The second form of splintering would be to use the same protocols, but with different governing bodies.

If Russia, China, or other countries formed rivals to the bodies that manage the internet, it would be harder to put them back together. The politics of reconnection would be almost impossible because of vested interests.

The problem of connecting disparate networks into one global internet is often a political one, not a technical one.

There are steps short of a full splintering of the internet that could still have a significant effect on the functioning of the internet in a pariah state.

Some services have quasi-infrastructure type status because of the nature of the internet. Amazon Web Services runs so much of the back end of the internet that it can't be banned from certain areas. A lot of services would be temporarily disrupted by cutting off access to the repository.

Russia has been trying to make official and public sites use.ru and minimize the use of overseas service providers to mitigate the risk. During the panic of the week, some took this to be an instruction to all Russian websites, leading to alarmist articles suggesting that Russia planned to cut itself off from the internet entirely.
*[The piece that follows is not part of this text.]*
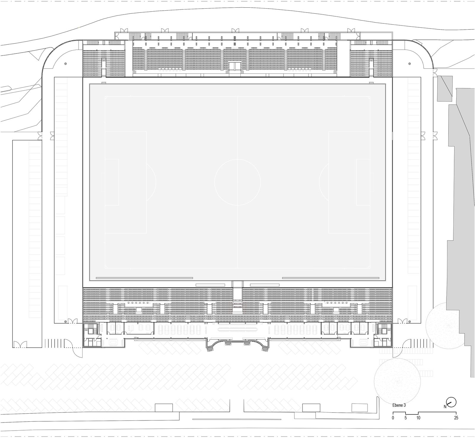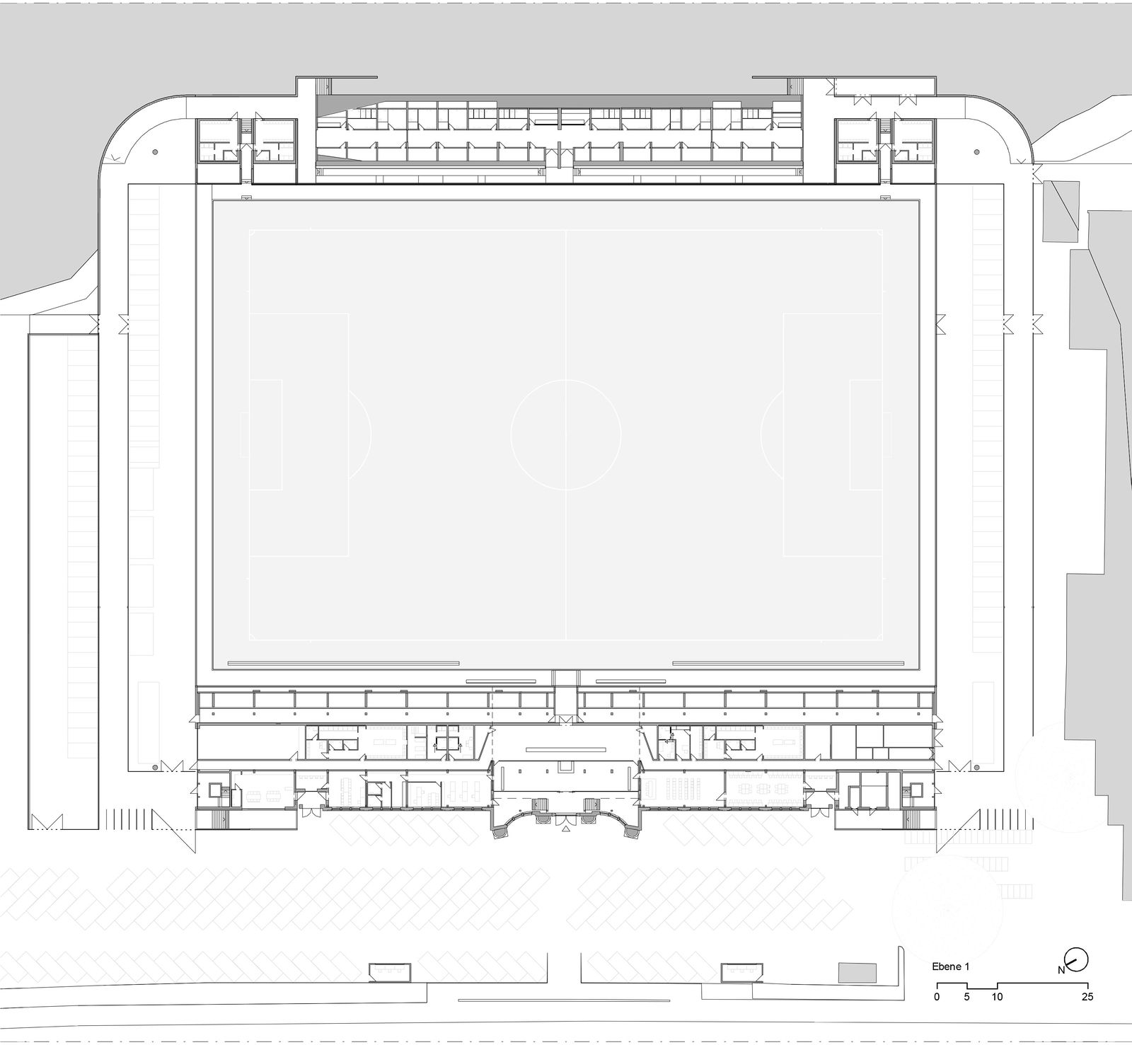 The “Zanvettor” grandstand – a new construction in the purist style – was built behind the stadium portal, which is protected as a historic structure. The monumental portal was carefully integrated in a fair-faced concrete base and was roofed over using steel lattice girders. The space below the grandstand is used for all the facilities needed in connection with Serie B matches. These include better equipped dressing rooms for the teams, the press room, and a press work room that faces the field. The historic portal provides access to the fan shop and eateries, which can also be used when no matches are taking place. The administrative premises required for efficient management of the stadium are located on the upper floor.

The internet has been mitigated by other countries and groups. The EU wants to require all data to be processed within its borders, a move that US tech giants are fiercely resisting.

Iran has built up national connections between its key online institutions, which will allow it to operate a sort of Iran-only functional internet should it need to close itself off from the global network or if it got kicked off by an adversary.

China has a complex relationship with the internet. Almost all online services used by people within China are Chinese companies. The country has a huge and regular form of online censorship called the Great Firewall of China.

The relationship between GreatFire and the global internet has changed over time due to the fact that Charlie Smith is operating in China.

The service-level blocking was initially driven by pure censorship needs. There were gaps in the market that could be blamed on the government.

Even though these Chinese companies might not be well-established outside of China, they helped to fill those gaps and created companies that are as valuable as their Western counterparts.

Smith thinks that China could be cut off from the internet, but it's not in its interests to do so.

I think China could cut itself off from the global internet if there was a big enough domestic crisis. There is a Chinese diaspora in the world. Nobody wants their home connections to be cut off. Businesses will still sell their products overseas.

China is taking senior positions on the internet's various governing bodies, as befits a country with more than a billion internet users, and is trying for now to slowly bend the standards, rules, and protocols to suit itself.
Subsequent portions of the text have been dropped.